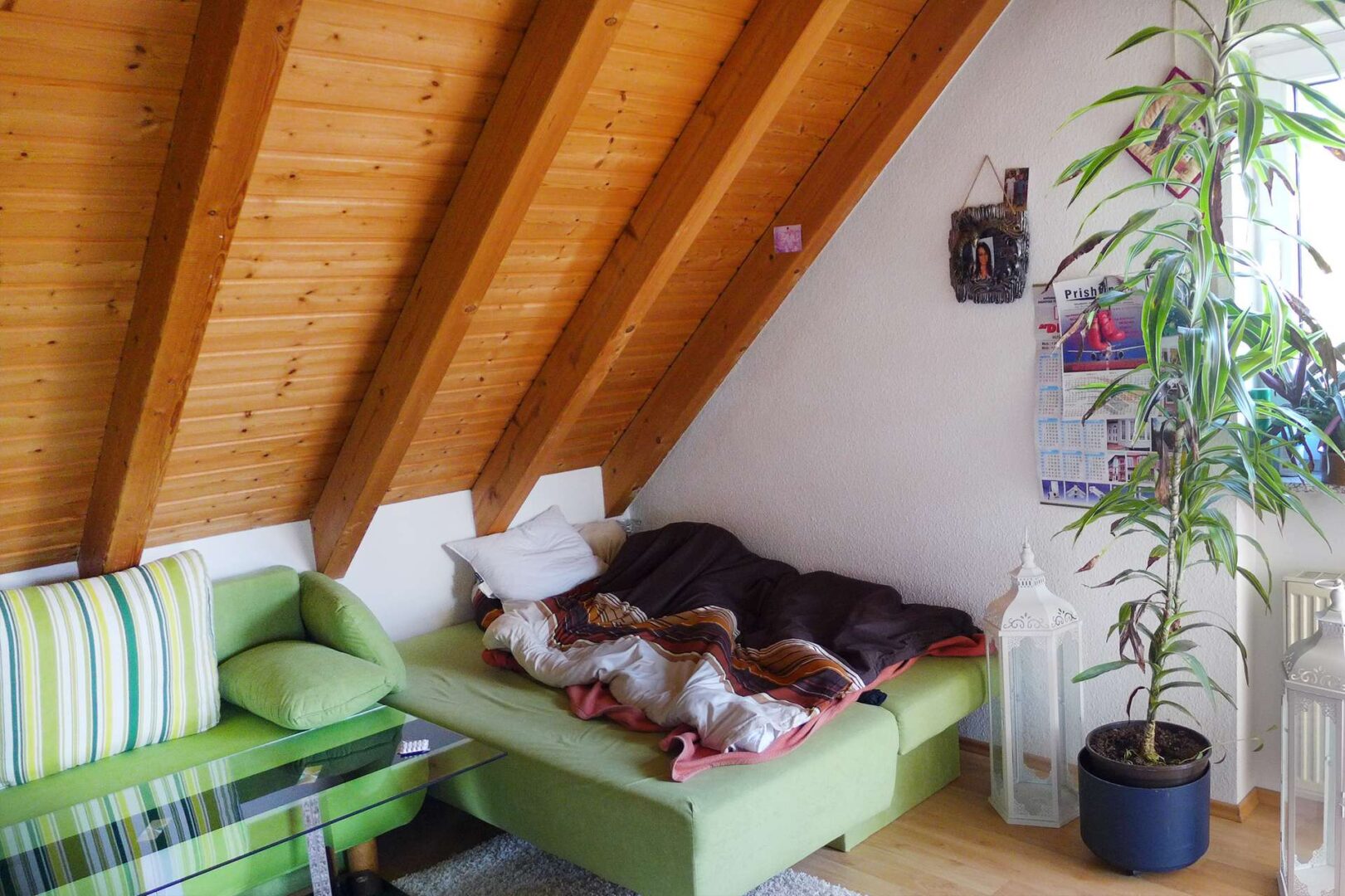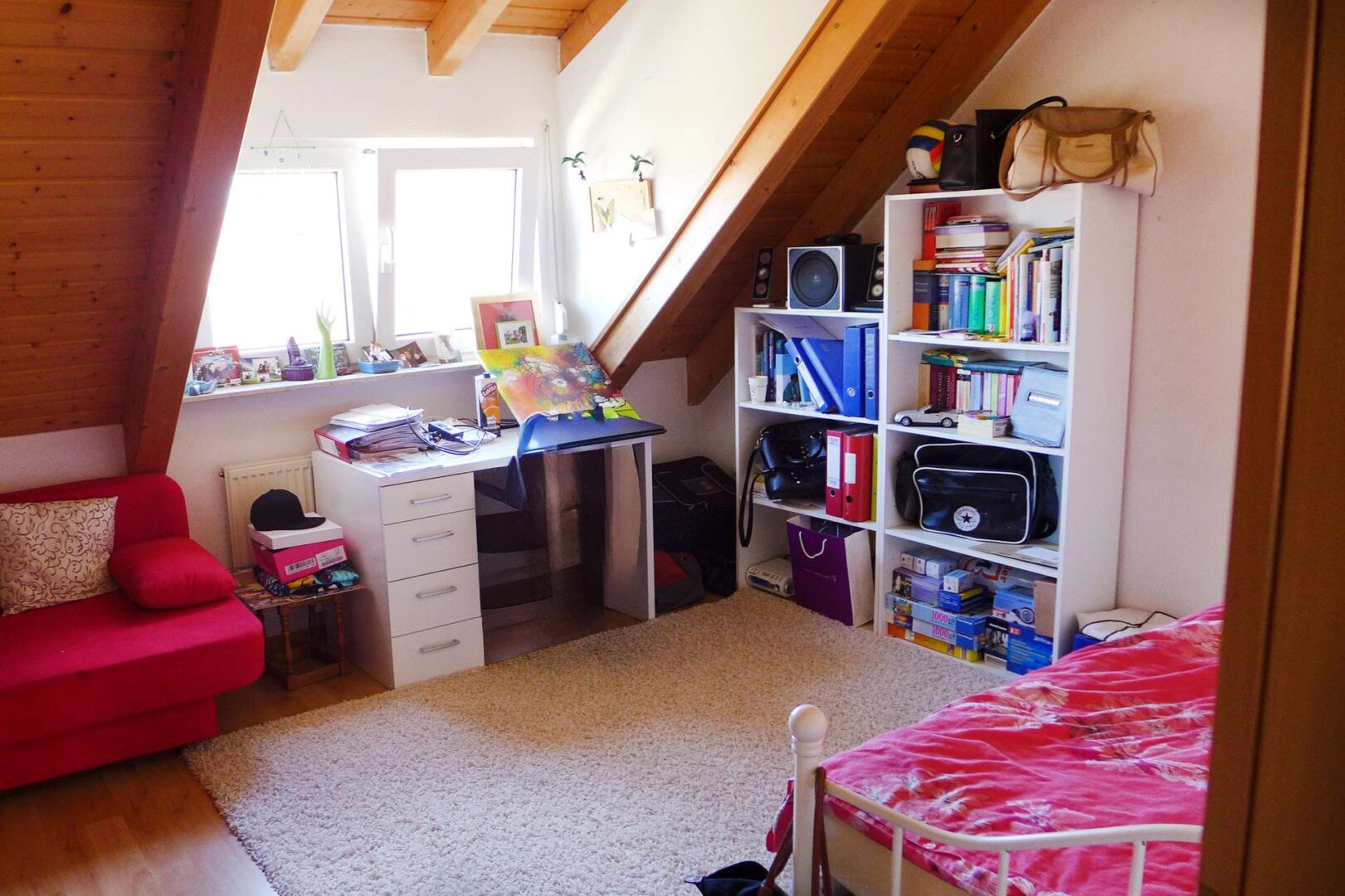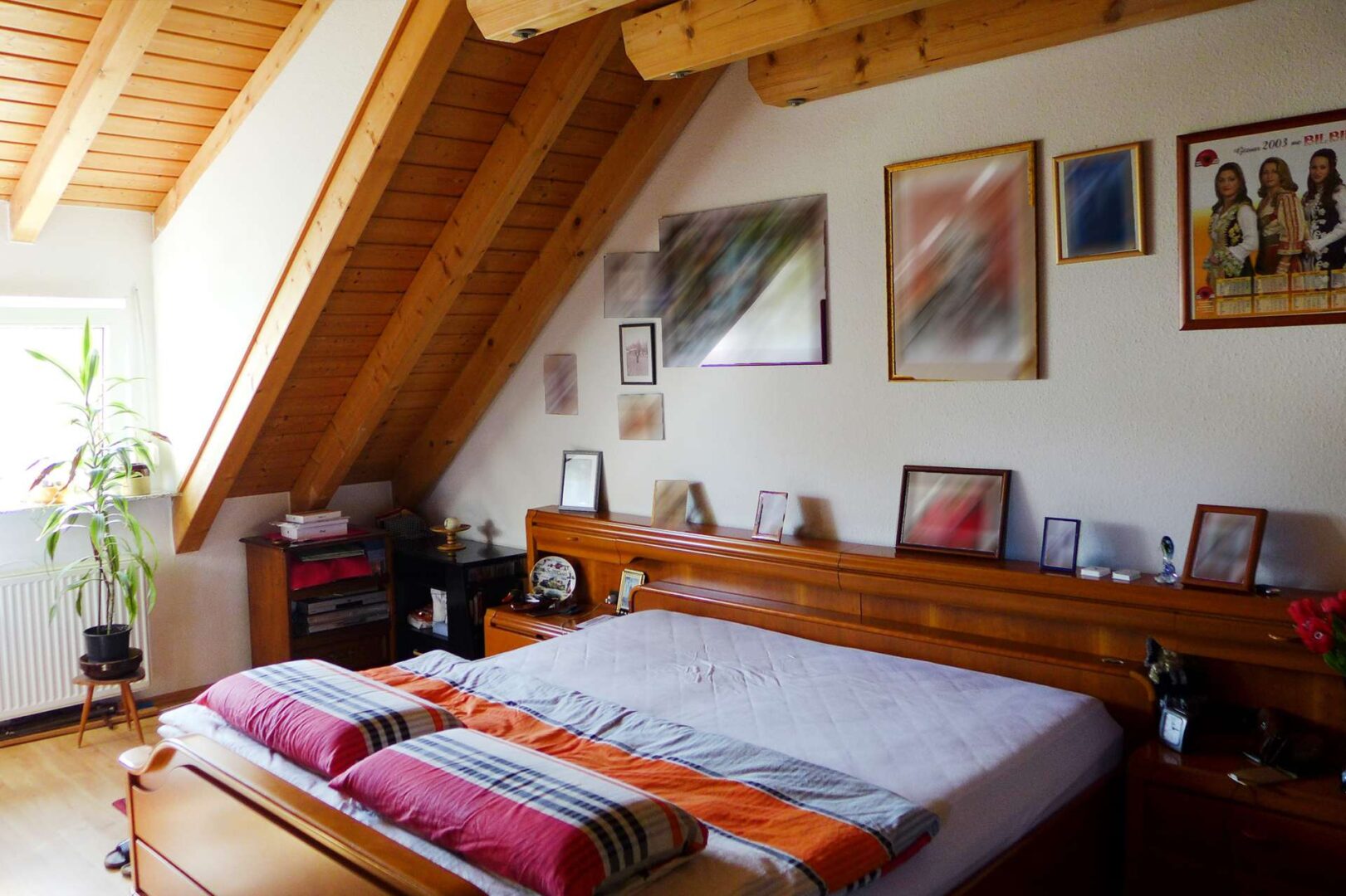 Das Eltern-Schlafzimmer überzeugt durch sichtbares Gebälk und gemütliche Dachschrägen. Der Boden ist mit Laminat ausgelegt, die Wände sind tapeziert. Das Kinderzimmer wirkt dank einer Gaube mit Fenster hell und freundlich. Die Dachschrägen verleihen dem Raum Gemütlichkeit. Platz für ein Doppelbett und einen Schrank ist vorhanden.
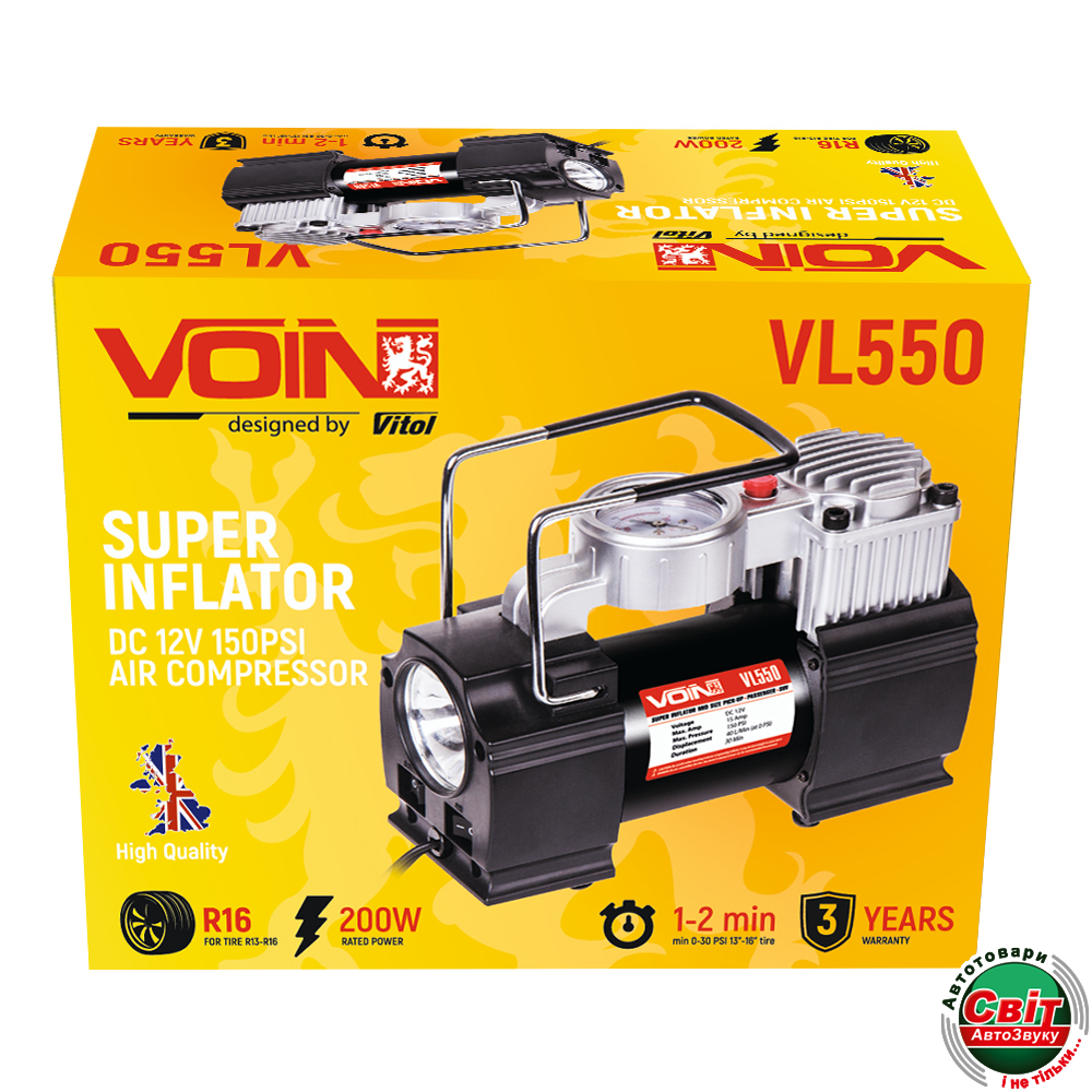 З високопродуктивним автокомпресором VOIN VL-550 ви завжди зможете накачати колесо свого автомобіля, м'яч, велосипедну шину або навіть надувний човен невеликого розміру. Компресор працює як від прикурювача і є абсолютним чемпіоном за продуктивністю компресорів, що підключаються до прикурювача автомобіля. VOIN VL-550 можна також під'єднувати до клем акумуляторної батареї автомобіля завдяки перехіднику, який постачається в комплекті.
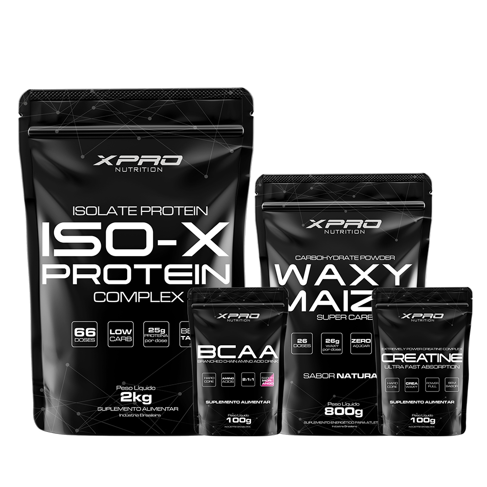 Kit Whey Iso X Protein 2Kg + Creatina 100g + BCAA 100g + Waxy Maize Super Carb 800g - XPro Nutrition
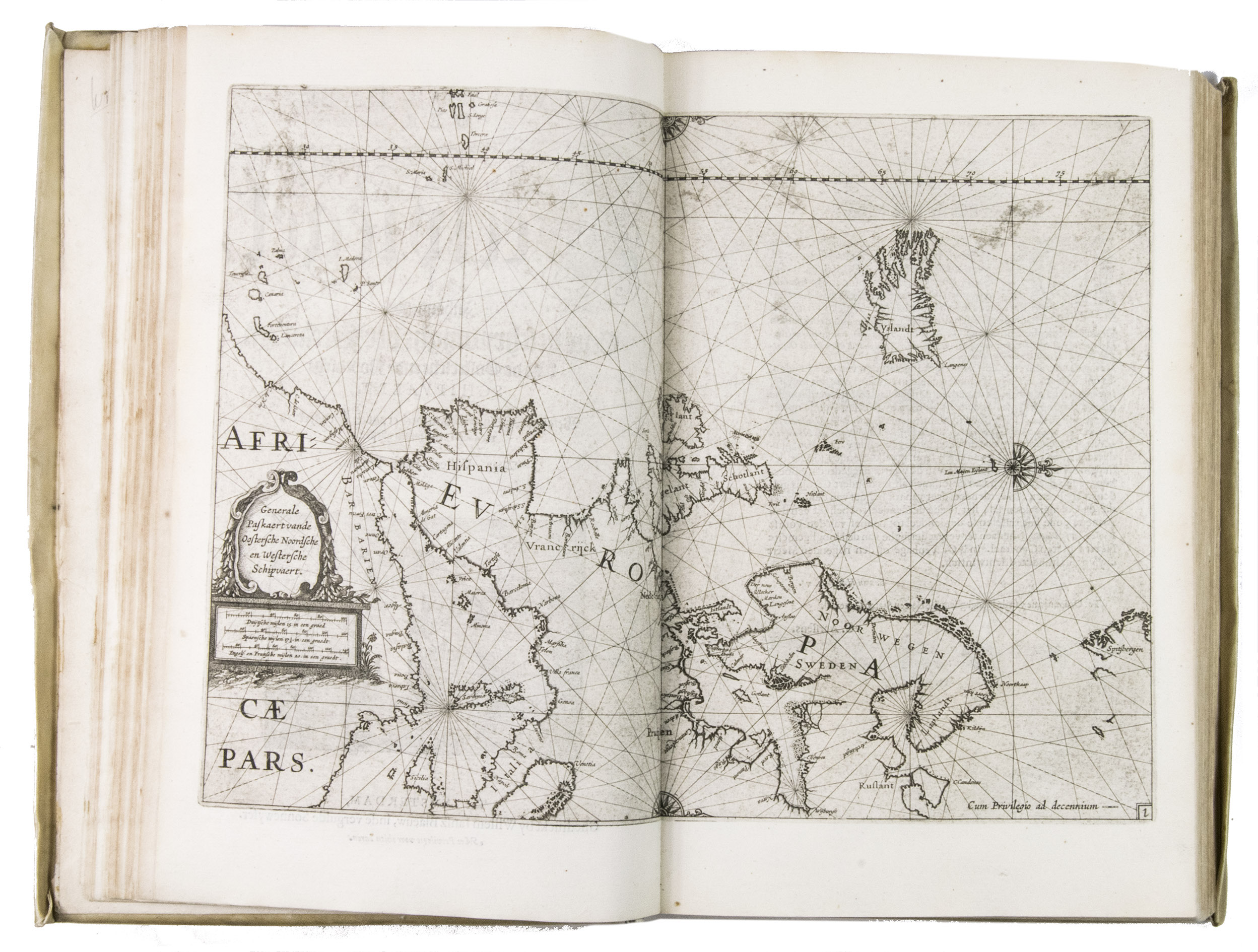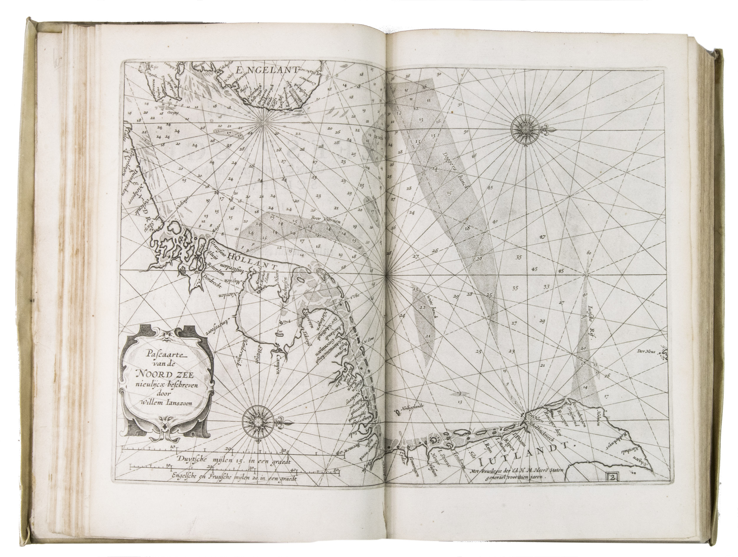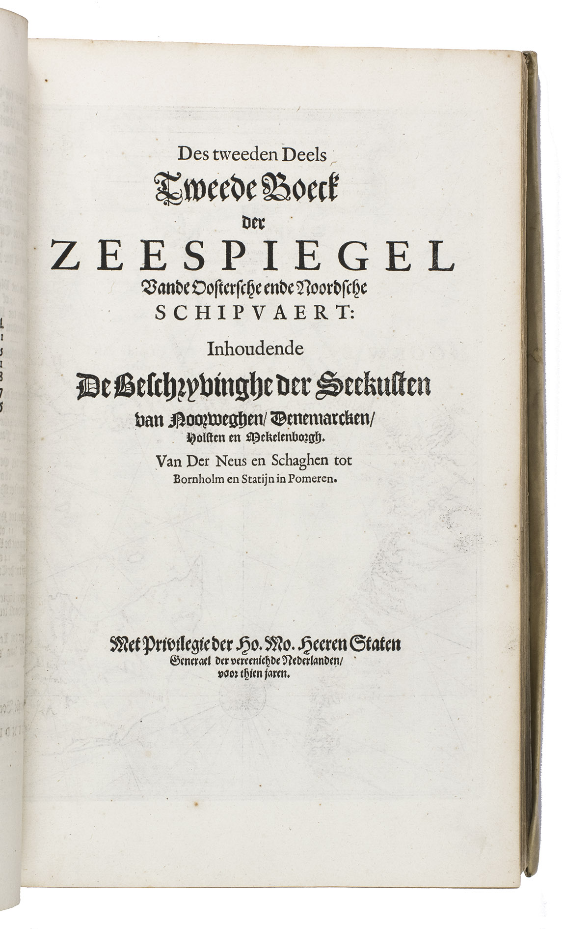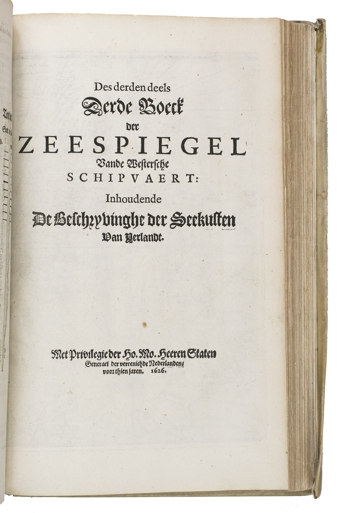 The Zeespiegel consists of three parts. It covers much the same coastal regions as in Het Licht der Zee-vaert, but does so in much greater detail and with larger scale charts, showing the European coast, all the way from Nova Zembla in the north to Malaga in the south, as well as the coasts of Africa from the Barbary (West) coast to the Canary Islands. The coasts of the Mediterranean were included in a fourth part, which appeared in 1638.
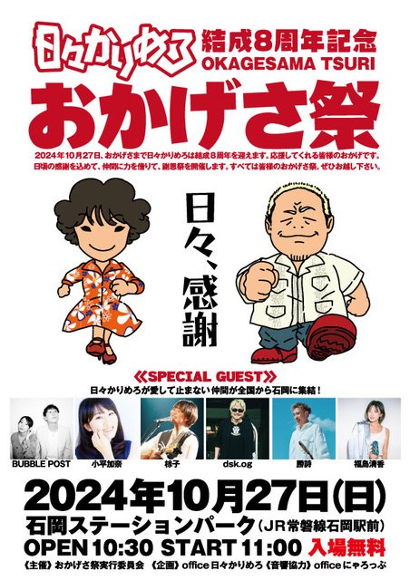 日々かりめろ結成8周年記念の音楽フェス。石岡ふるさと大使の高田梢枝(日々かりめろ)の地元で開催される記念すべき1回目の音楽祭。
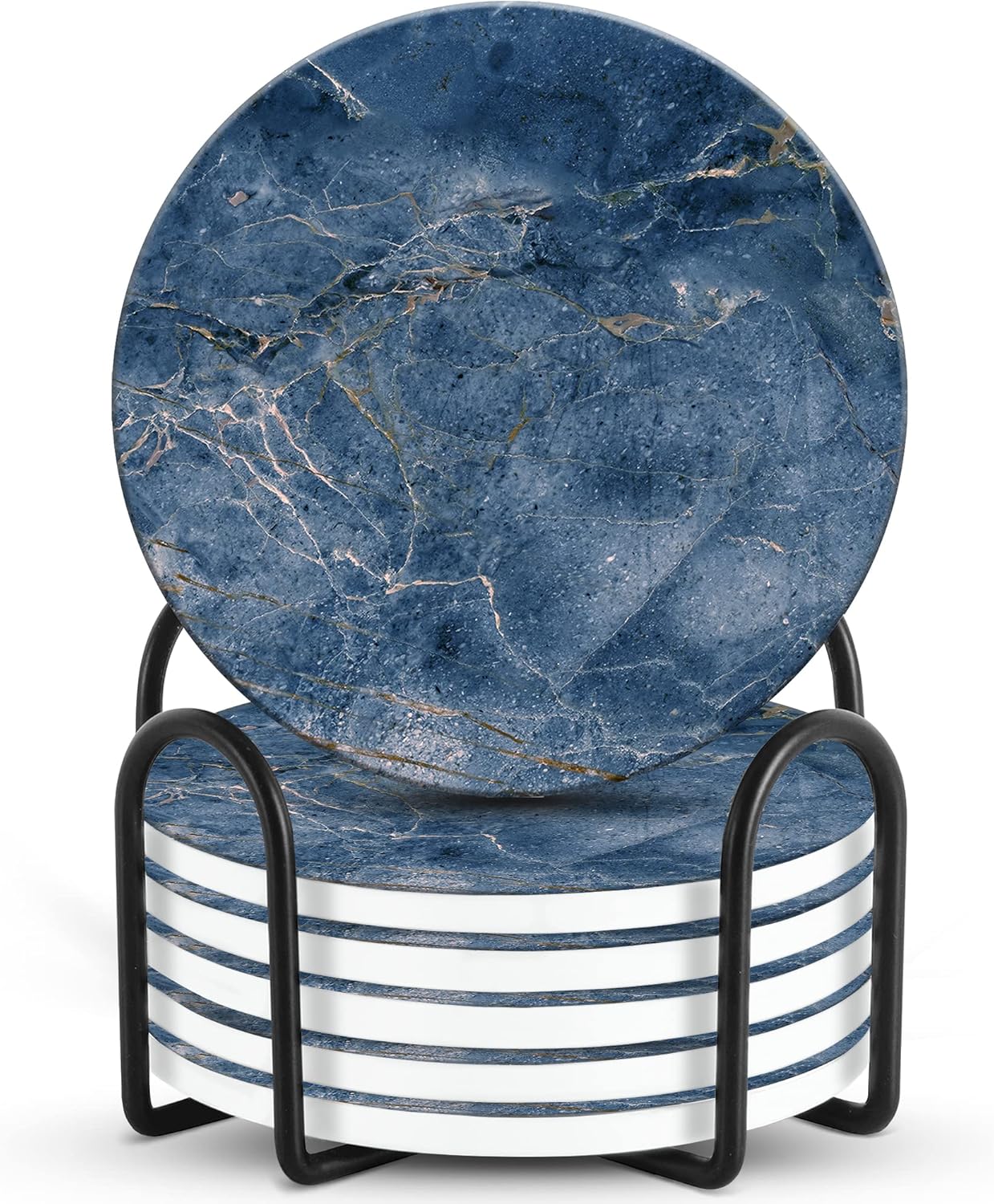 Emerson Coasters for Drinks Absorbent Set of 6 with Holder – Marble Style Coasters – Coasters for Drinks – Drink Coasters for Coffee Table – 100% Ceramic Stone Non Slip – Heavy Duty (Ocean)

What is expected:
Reproduce the material above verbatim; omit every picture.

Answer box:
 Das Eltern-Schlafzimmer überzeugt durch sichtbares Gebälk und gemütliche Dachschrägen. Der Boden ist mit Laminat ausgelegt, die Wände sind tapeziert. Das Kinderzimmer wirkt dank einer Gaube mit Fenster hell und freundlich. Die Dachschrägen verleihen dem Raum Gemütlichkeit. Platz für ein Doppelbett und einen Schrank ist vorhanden.
 З високопродуктивним автокомпресором VOIN VL-550 ви завжди зможете накачати колесо свого автомобіля, м'яч, велосипедну шину або навіть надувний човен невеликого розміру. Компресор працює як від прикурювача і є абсолютним чемпіоном за продуктивністю компресорів, що підключаються до прикурювача автомобіля. VOIN VL-550 можна також під'єднувати до клем акумуляторної батареї автомобіля завдяки перехіднику, який постачається в комплекті.
 Kit Whey Iso X Protein 2Kg + Creatina 100g + BCAA 100g + Waxy Maize Super Carb 800g - XPro Nutrition
 The Zeespiegel consists of three parts. It covers much the same coastal regions as in Het Licht der Zee-vaert, but does so in much greater detail and with larger scale charts, showing the European coast, all the way from Nova Zembla in the north to Malaga in the south, as well as the coasts of Africa from the Barbary (West) coast to the Canary Islands. The coasts of the Mediterranean were included in a fourth part, which appeared in 1638.
 日々かりめろ結成8周年記念の音楽フェス。石岡ふるさと大使の高田梢枝(日々かりめろ)の地元で開催される記念すべき1回目の音楽祭。
 Emerson Coasters for Drinks Absorbent Set of 6 with Holder – Marble Style Coasters – Coasters for Drinks – Drink Coasters for Coffee Table – 100% Ceramic Stone Non Slip – Heavy Duty (Ocean)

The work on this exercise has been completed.